Question

Inconsistent Subseting using norm2Filter in FlowCore

0

Entering edit mode

peterfoster ▴ 20

@peterfoster-7470

Last seen 8.6 years ago

United States

I recently discovered that the application of (at least) `norm2Filter()` is not consistent when replicated. I've pasted an example below. In the example dataset the differences are small--just a few events. In my much larger experimental datasets, however, the number of events changes by the hundreds and can significantly alter some of the downstream analysis.

## Loading example data
dat <- read.FCS(system.file("extdata","0877408774.B08", package="flowCore"))
n2f <- norm2Filter(filterId="myNorm2Filter", x=list("FSC-H", "SSC-H"), scale.factor=1)
xyplot(`FSC-H`~`SSC-H`, data=dat, filter=n2f, smooth=FALSE, xbin=256, stats=TRUE)
## Same filter, inconsistent subsetting.
sapply(1:15, function(x) {  fres <- Subset(dat, n2f); return(nrow(fres))  })

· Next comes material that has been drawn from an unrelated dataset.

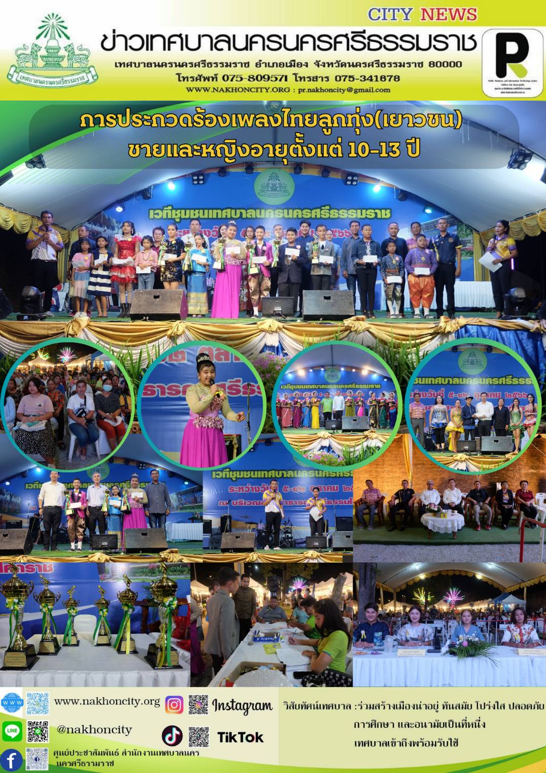 วันพุธ ที่ 11 ตุลาคม พ.ศ.2566 เวลา 19.30 น. ณ สวนสาธารณะศรีธรรมาโศกราช เทศบาลนครนครศรีธรรมราช จัดกิจกรรมเวทีชุมชนเทศบาลนครนครศรีธรรมราช ประจำปี พ.ศ.2566 ในงานประเพณีบุญสารทเดือนสิบ เพื่อส่งเสริมให้เด็กและเยาวชน ตลอดจนประชาชนในชุมชนได้แสดงออกถึงความสามารถในเชิงการอนุรักษ์ศิลปวัฒนธรรมอันดีงานของท้องถิ่น ส่งเสริมสนับสนุนให้ชุมชน และกลุ่มองค์กรต่างๆในสังกัดเทศบาลฯได้ทำกิจกรรม เสริมสร้างเครือข่ายระหว่างชุมชน และพัฒนาศักยภาพสร้างภาวะผู้นำแก่เด็กและเยาวชน ประชาชนตลอดจนเป็นแบบอย่างที่ดีแก่เด็ก สำหรับในคืนนี้เป็นการประกวดร้องเพลงไทยลูกทุ่ง(เยาวชน) ประเภทชายและหญิง อายุตั้งแต่ 10 -13 ปี ผลการประกวดร้องเพลงไทยลูกทุ่ง (เยาวชนหญิง) ได้แก่

I soon realized that if I `set.seed()` prior to the subset, the issue goes away, and the same number of events (and presumably the same ones) are returned each time.

sapply(1:15, function(x) {  set.seed(1); fres <- Subset(dat, n2f); return(nrow(fres))  })

Is this because the `Subset()` command in combination with the `norm2Filter()` is using some kind of "training set" which is randomly selected? How can I modify the `norm2Filter()` and/or `Subset()` functions to use the WHOLE dataset so that my analysis is not sensitive to the RNG?

flowcore gate subsetting filter • 1.3k views

ADD COMMENT • link updated 8.6 years ago by Jiang, Mike ★ 1.3k • written 8.6 years ago by peterfoster ▴ 20

score 0 · Answer 1 · 2015-09-18

`%in%` method for `norm2filter` (the actual computing engine dispatched by 'Subset' method) uses 'CovMcd' function ('rrcov' package) to estimate the covariance matrix. 'CovMcd' does use random seed to sample data by default. I don't think we should change that behavior.

What you did was right: set seed explicitly before 'Subset` call.